Ахнув, стремглав метнулся вперед, отчаянно рванул дверь. Болт с грохотом покатился под ноги. Поднял и, прислушиваясь, застыл на пороге.
В конюшне было тихо.
— Неужели? — он чиркнул спичкой, но руки тряслись, а ветер гасил мертвое пламя серы.
Бросил спички и, расставляя руки, ступил в темноту. Посвистел. Прислушался, но ответа не услышал — ни тихого ржанья, ни ласкового храпа.
Снова уныние, гнев и отчаяние бросили его из сарая на ветер. С криком побежал в дом, а навстречу, услышав этот крик, с плачем выкатились дети и выбежала испуганная жена.
— Ой, Петро! — вскрикнула она, увидев его лицо, сразу поняла и заголосила.
Дети с криком суетились вокруг них, а Марина, словно еще надеясь на что-то, побежала в конюшню. Глянула и тихо застонала.
Схватил за руку:
— Ты смотрела вечером? — спросил грозно, сжимая кулаки и надвигаясь на нее.
Что-то бормотала, оправдываясь и отступая, но он не слушал, размахнулся, бросил ее о землю и ударил тяжелым, как земля, сапогом.
Вскочила, хотела бежать, но он настиг и, уже не соображая, что делает, с диким ревом бил ногами и руками куда попало. Месил.
Уже когда лежала неподвижно, оттащили соседи, но он вырывался, кричал и угрожал неизвестно кому.
— Держите, не пускайте! — кричал дед Карпо, поднимая Марину, и люди держали Петра сзади, как бешеного быка.
— Не в себе человек…
Но когда перестал вырываться, отпустили.
Сел на завалинку: не мог стоять — трясло, как в лихорадке.
— Где Марина? — спросил.
Та, в одной рубашке, избитая, вся в синяках, сидела в доме. Смотрела на детей сухими глазами, тихо приговаривая:
— Лошади, ой, лошади…
Детвора испуганно забилась в угол и смотрела на нее: впервые так бил ее отец.
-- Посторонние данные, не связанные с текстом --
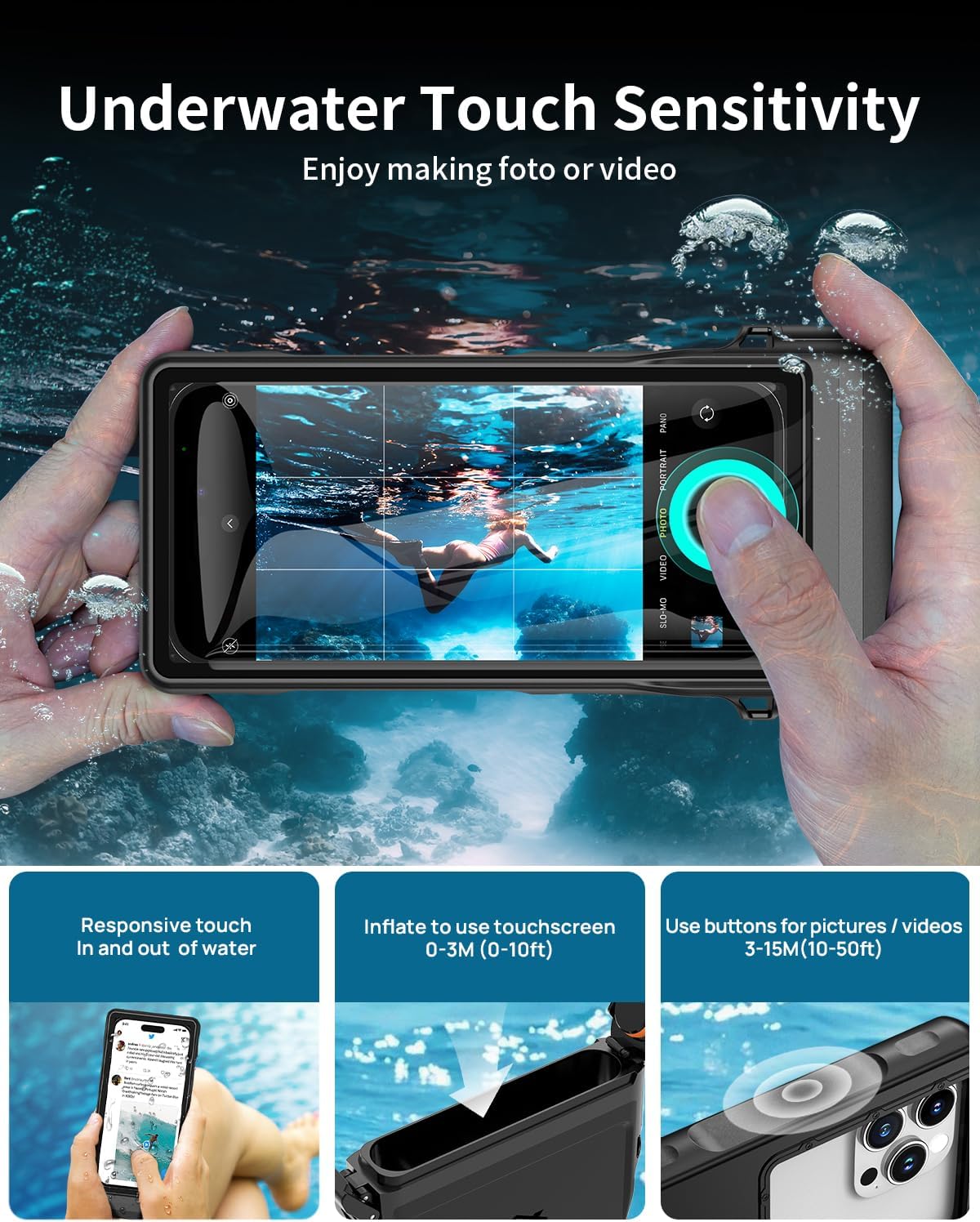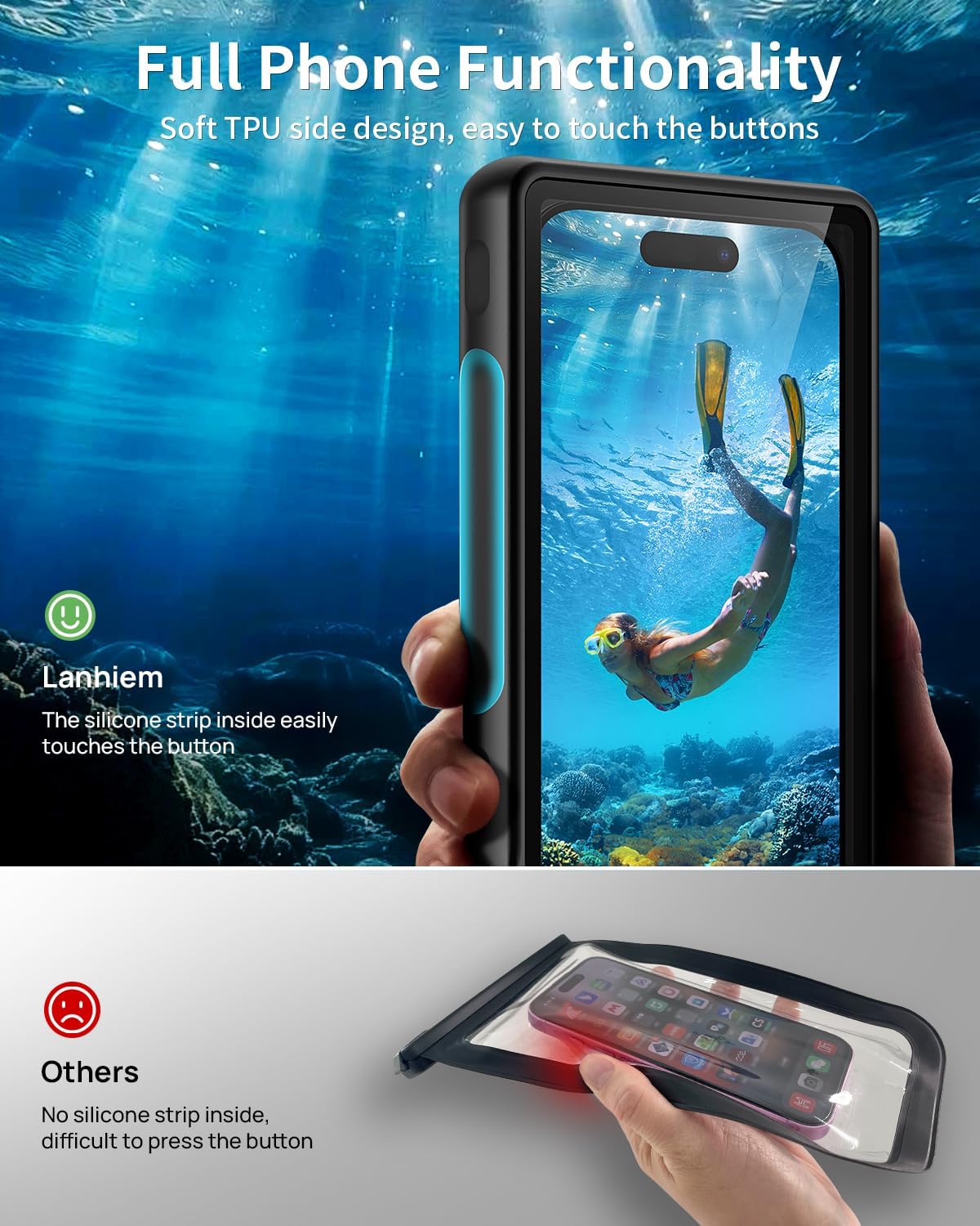 【Highly Sensitive Underwater Touchscreen】The waterproof phone case is made of high-quality PVC instead of TPU. It is more sensitive to touch and pressure, supports calls, photos, Face ID, and all other applications (except fingerprint). Note: Due to water pressure, it is normal that you cannot operate the screen in deep water. Don’t worry, you can use the volume buttons to take a photo.
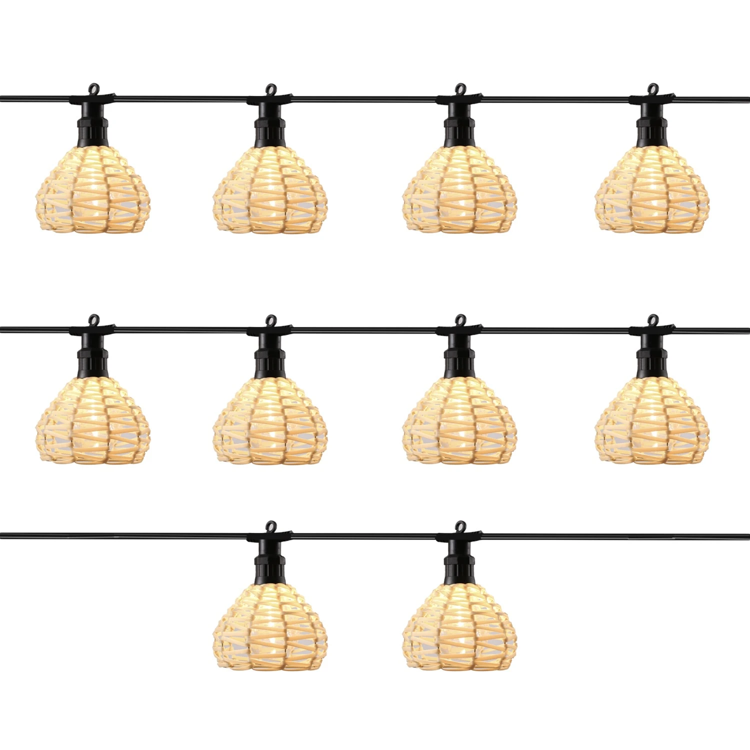 Die LED Party Lichterkette Roby ist ein wunderschöner Blickfang, mit dem Du Deine Terrasse, Deinen Balkon, Garten oder Deine Wohnung dekorieren kannst. Die Leuchten in Korboptik lassen die Lichterkette besonders schön mit den warmweißen Filament LED Glühbirnen leuchten.
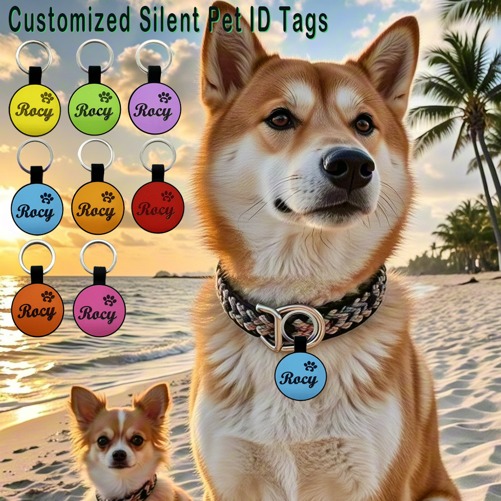 国境を越えたペット用丸型シリコン製ドッグタグ、合金製ネームタグペンダント、静音刻印ペット用犬猫ネームプレート
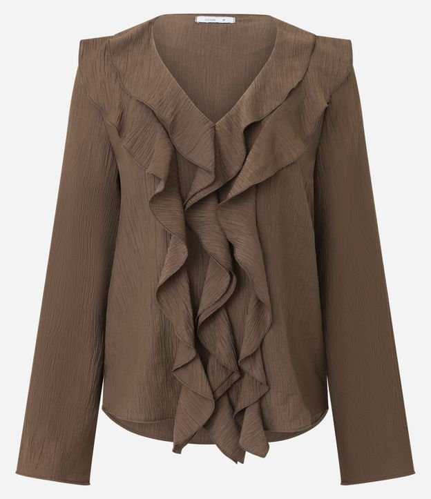 Blusa feminina de manga longa confeccionada em viscose mais sustentável. Possui decote em V, babados do decote até a barra, modelagem solta e caimento leve.
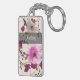 Monogramm-Schlüsselanhänger einschließlich hübsches Blumenvektorkunst-Damastmuster mit Monogramraum, den Sie personifizieren können. Entworfen als persönliches Geschenk oder Gastgeschenk als Schlüsselanhänger für Frauen oder Schlüsselanhänger für Mädchen, in einem Seitenacrylentwurf des Spaßes zwei, der Sie Ihre Schlüssel in der Art tragen lässt.

Но когда люди вошли в дом, бросилась к мужу с плачем.
— Ой, пропали мы теперь…
— Цыц! — остановил он ее. — Искать будем, сейчас народ на сход соберется: авось и надоумят.
Говорил уже не сердито, спокойно, только голос еще дрожал.
Кто-то забил тревогу, и люди начали выходить из дома.
— Чего плачешь? — сказал в дверях. — Надо было смотреть лучше…
— Ты же запирал…
Молча ударил дверью так, что полетела сухая глина. А шагая, думал, что побил жену ни за что, и ярость разбирала его еще больше.
Около сельсовета уже собирались люди.
Хутор грозно гудел: лошадей украли, теперь уже на другом конце, у Петра Нечипора, у самой Чертовой балки…
— Проснулся я, — рассказывал Петро, — будто что-то в сердце ударило. Вышел, постоял малость, цигарку закурил, вдруг глянул — болт торчит… Открыл дверь — нет лошадей… Пропало теперь хозяйство…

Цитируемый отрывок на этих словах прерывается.